While named groups get some information from matched path, you can also merge with some extra values during initialization of mapping (this is third parameter in tupple):

urls = [
    ('posts', latest_posts, {'blog_id': 100})
]

Note, that any non-empty values from path match override extra parameters passed during initialization.

url helper

There is wheezy.routing.url() function (that is actually just an exporting name for url()) that let you make your url mapping more readable:

from wheezy.routing import url


urls = [
    url('posts', latest_posts, kwargs={'blog_id': 100})
]

Named Mapping

Each path mapping you create is automatically named after the handler name. The convention as to the name is: translate handler name from camel case to underscope name and remove anything ended by handler, controller, etc. So LatestPostsHandler is named as latest_posts.

You can specify other name during mapping, it is convenient to use url()) function for this:

urls = [
    url('posts', latest_posts, name='posts')
]

When you know name for url mapping you can reconstruct it path.

Adding Routes

You have an instance of wheezy.routing.Router (PathRouter). Call it method add_routes() to add any mapping you have. Here is how we do it in Hello World example:

r = Router()
r.add_routes([
    ('/', hello_world)
])

... or Server Time:

import config
import urls

r = config.router
r.add_routes(urls.home)

Route Builders

Every path mapping you add to router is translated to appropriate route match strategy. The avaiable routing match strategies are definded in config module by route_builders list include:

  1. plain
  2. regex
  3. curly

Plain Route

The plain route is selected in case the path satisfy the following regular expression (at least one word, '/' or '-' character):

^[\w/-]+$

The matching paths include: account/login, blog/list, etc. The strategy performs exact string marching. In case the matching string ends with path segment delimiter character '/', the strategy is changed to match the beginning of path, thus server/ pattern match any path starting with server/, e.g. server/info, etc.

Regex Route

Any valid regular expression will match this strategy. However there few limitation that applies if you would like to build paths by name (reverse function to path matching). Use regex syntax only inside named groups, create them as much as necessary.

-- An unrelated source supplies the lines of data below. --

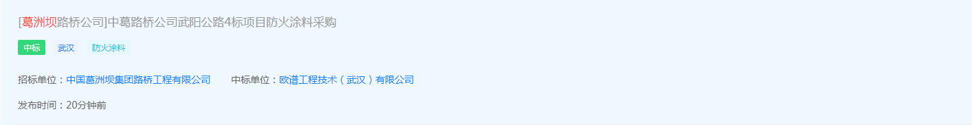 项目二:葛洲坝路桥公司]中葛路桥公司武阳公路4标项目防火涂料采购
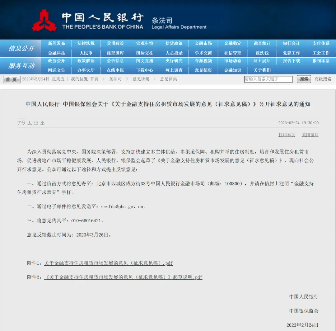 通知提到,为支持加快建立多主体供给、多渠道保障、租购并举的,培育和发展住房,促进平稳健康发展,人民银行、银保监会起草了《关于金融支持市场发展的意见(征求意见稿)》,现向社会公开征求意见。
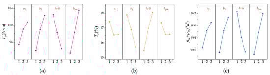 Impact of level values of optimization variables on optimization objectives: (a) impact of variable level on Ta; (b) impact of variable level on Tr; (c) impact of variable level on pfe + pCu.
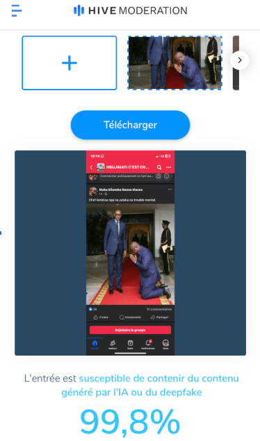 À ce stade de la vérification, Eleza Fact ayant constaté qué l’image sous examen semble donc avoir été modifiée sur base de celle ci-haut illustrée, l’a donc soumise à une vérification des images manipules, à l’aide de l’outil Hive Modération. Le résultat a relevé un score de 99.8% de probabilité que l’image ait été générée par l’intelligence artificielle.
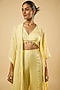 Butter Yellow Satin Sequins Embroidered Cape Set
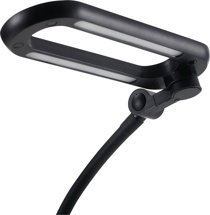 con cavo di collegamento di circa 3 m - versione larga - per un'illuminazione ottimale della postazione di lavoro su un'ampia superficie - testa della lampada con 3 snodi e tubo flessibile lungo 600 mm, nonché cavo di collegamento H05RN-F 2G1.0 di 3 m - l'oggetto illuminato può essere ispezionato direttamente attraverso la testa della lampada Caratteristiche tecniche: 230 V, 9 watt LED largo, 230 V/ 12 V, 3 livelli di luce: 100% (750 lumen), angolo di apertura del fascio di luce 100°, colore della luce 6.300 K, illuminamento 100%=302 lux, 60%=178 lux, 35%=108 lux (1 m)
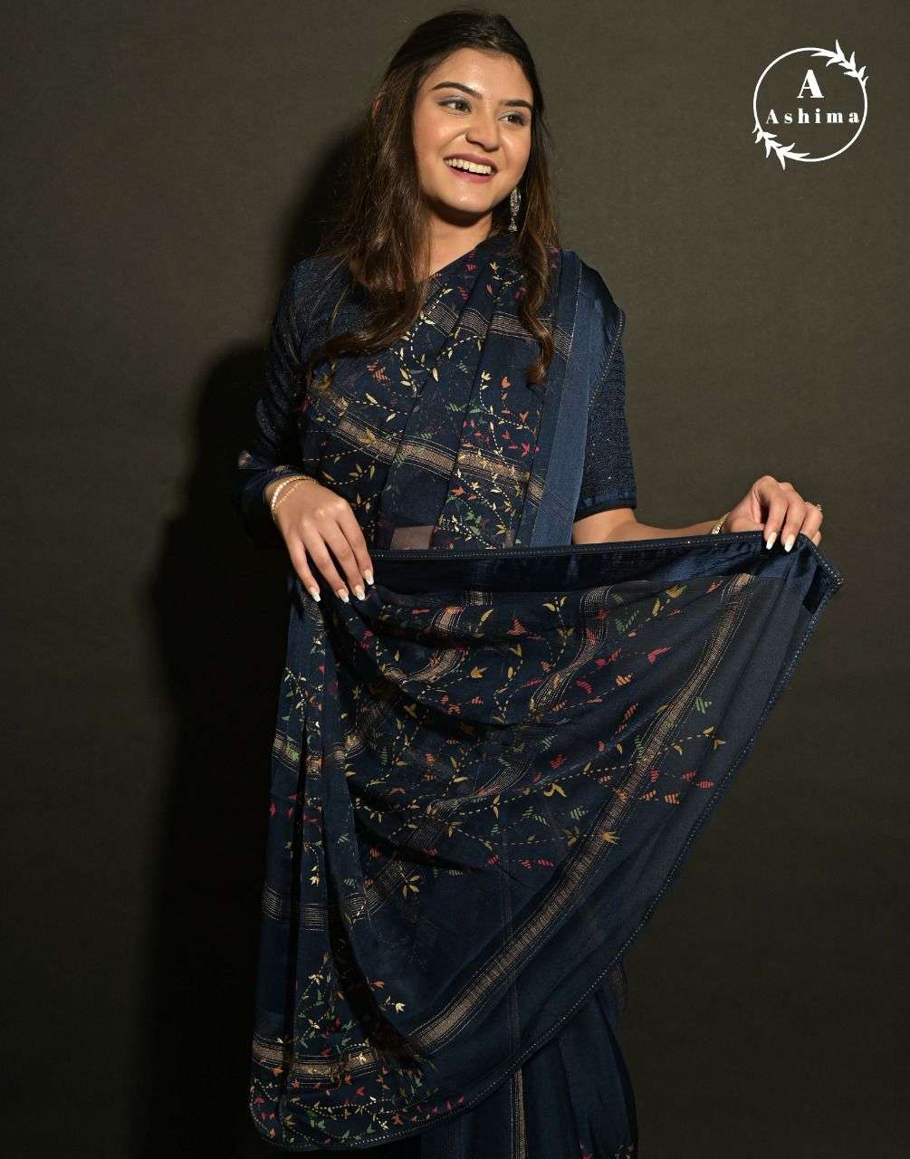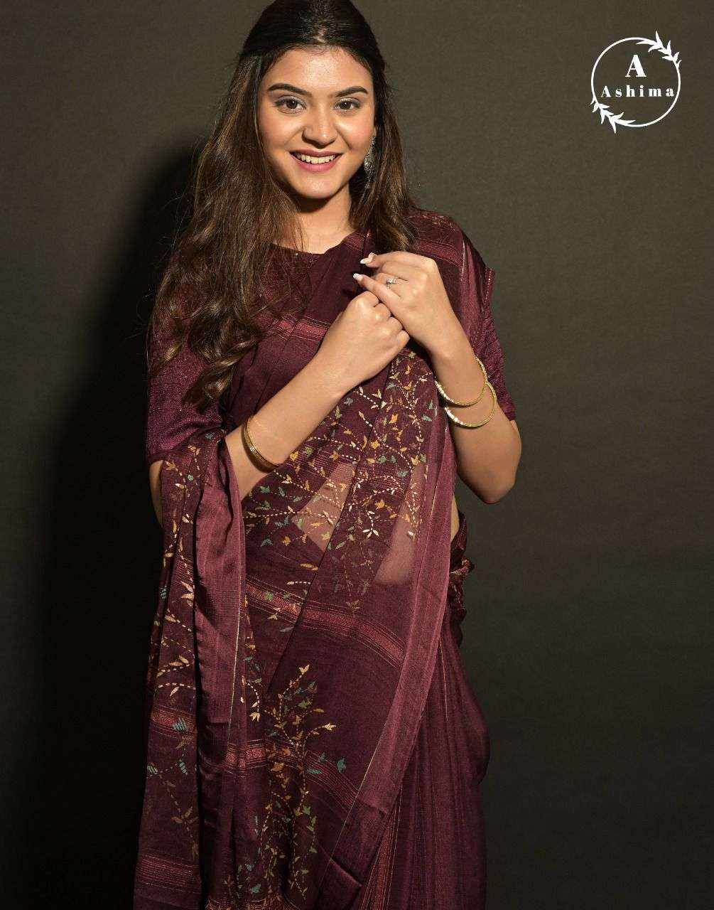 ashima nylon autograph weaving pattern with satin patta fancy sarees collection
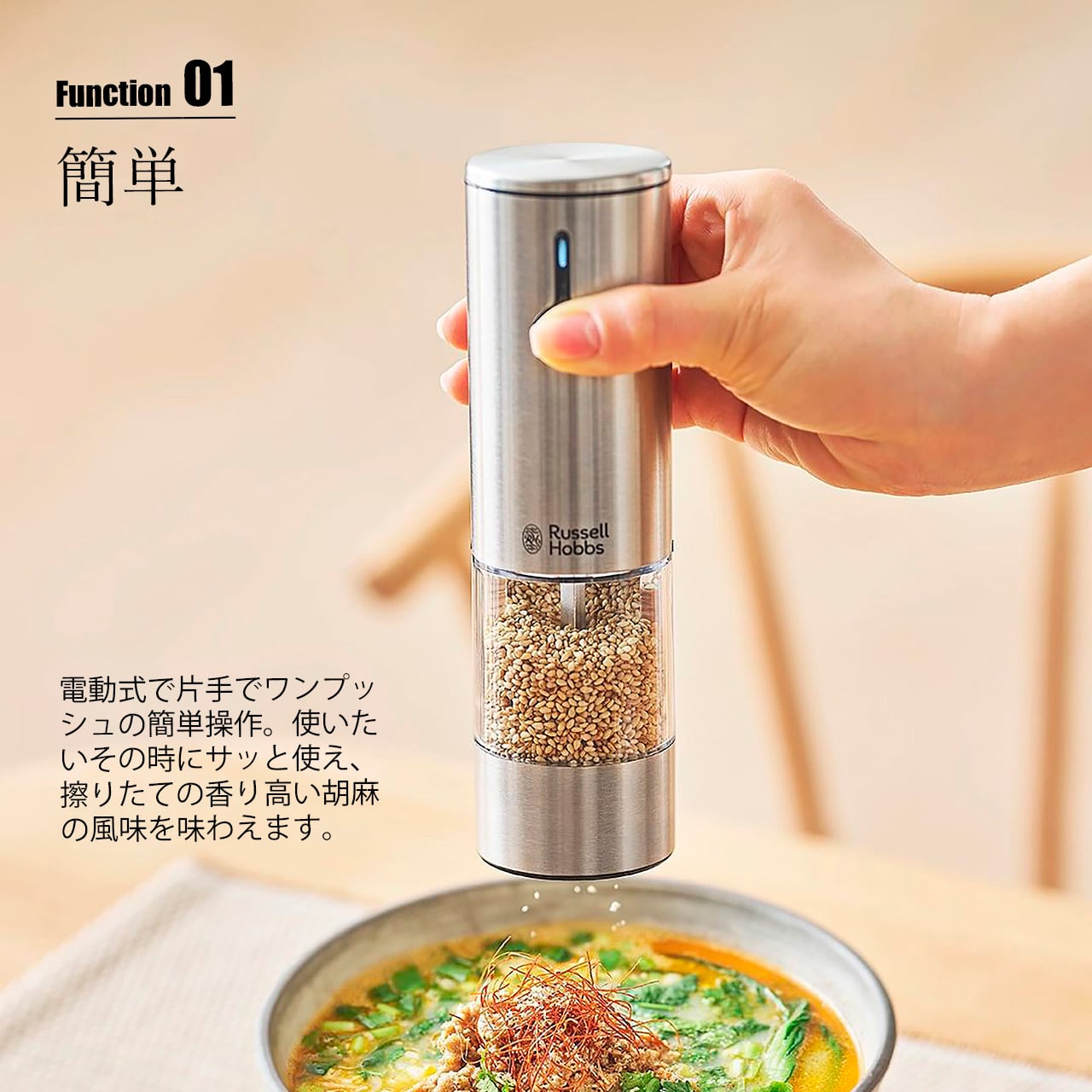 擦りたてのゴマは風味がよく、ゴマの旨味も感じやすくなるので食が進みます。一方、ゴマは擦った時点からの酸化によって、味も栄養価も速いスピードで落ちていきます。ラッセルホブスのゴマミルを食卓に常備しておけば食べる直前に擦ることができるので、ゴマの香りと、高い栄養素をしっかり味わいながら食事を楽しむことができます。充電式で乾電池の交換や廃棄などのストレスなく、操作も片手でワンプッシュ。動作中はLEDが点灯し、キャビン内の残量や手元が見やすくなっています。臼部分は摩擦熱が生じにくく、錆などの心配もないセラミック製。転倒を防ぐウッドスタンドも付属しています。

The path build strategy simply replaces named groups with values supplied.

Curly Route

This is just a simplified version of regex routes. You define a named group by using curly brakets. The curly expression abc/{id} is convered into regex abc/(?P<id>[^/]+). The form of curly expression (pattern is optional and corresponds to segment by default):

{name[:pattern]}

The name inside curly expression can be constrained with the following patterns:

  • i, int, number, digits - one or more digits
  • w, word - one or more word characters
  • s, segment, part - everything until '/' (path segment)
  • a, any, rest - match anything

Here are examples of valid expressions:

posts/{year:i}/{month:i}
account/{name:w}

Building Paths

Once you have defined routes you can build paths from them. See Named Mapping how the name of url mapping is cunstructed. Here is a example from Server Time:

    return ["Welcome!  <a href='%s'>Server Time</a>" %
            r.path_for('now')]

You can pass optional values that will be used to replace named groups of the path matching pattern:

>>> r = RegexRoute(
...     r'abc/(?P<month>\d+)/(?P<day>\d+)'
... )
>>> r.path_for(dict(month=6, day=9))
'abc/6/9'
>>> r.path_for(dict(month=6))
'abc/6'
>>> r.path_for()
'abc'

Values passed to path_for() method override any values used during initialization of url mapping.